| | Social Anxiety vs Generalized Anxiety
Hello, I have had social anxiety my entire life, though I was not formally diagnosed until I was 19 or 20. Through forcing myself to be in social situations, I have made them bearable. From kindergarten through high school graduation, I had very few friends, and I was painfully shy--whenever someone would talk to me I'd instantly get the deer in the headlights look and get extremely nervous and skittish and tense. I'd just sort of stand there shaking and unable to talk.
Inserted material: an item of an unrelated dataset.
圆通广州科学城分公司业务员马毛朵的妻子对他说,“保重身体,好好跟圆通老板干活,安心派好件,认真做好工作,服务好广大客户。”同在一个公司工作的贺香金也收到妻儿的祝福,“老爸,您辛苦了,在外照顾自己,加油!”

Fortunately, it was a fairly small school and most of the people I went to school with were understanding and came to accept me for it.
In college, I got a job as a cashier, which forced me to talk to dozens of new people every day and make small talk. At first I was so nervous I was stammering and running to the bathroom every chance I got to throw up from nerves. But I forced myself to keep on. I found it helped a lot. After college, I joined the Army, where I learned to use my "outdoor" voice and speak up.
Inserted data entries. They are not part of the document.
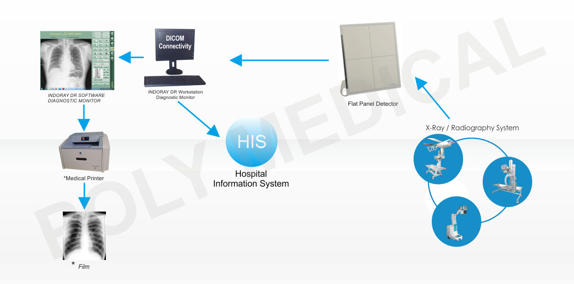 INDORAY Digital Radiography System With Teleradiology System & Printer - IR DR(W)TSP
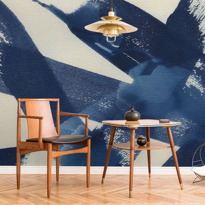 Light sensitive chemicals are painted on paper in bold, calligraphy-inspired brushstrokes in this dynamic cyanotype mural.
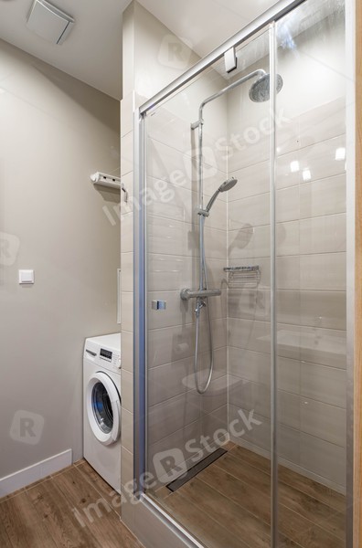 Modern interior in light tones of luxury bathroom. Shower cabin with glass sliding door. Washing machine.

So, though I rarely initiate conversations, when someone talks to me I have hardly any problem chit chatting now. I've gone from almost freakish to being described by my acquaintances as "weird, but nice." I don't think social anxiety is my problem anymore.
However, I've found that my anxiety-induced IBS isn't getting any better. I'm beginning to wonder if this could mean I have generalized anxiety. I tend to get anxious about more things than most people, and much more often. Even things that have nothing to do with social situations. I just didn't notice it before, because I was so focused on overcoming the social anxiety.
What is my first step here? I do not have a lot of time to schedule appointments with counselors, since I am in the Army and I'm a few weeks away from going to Iraq? Are there any techniques or supplements anyone can recommend?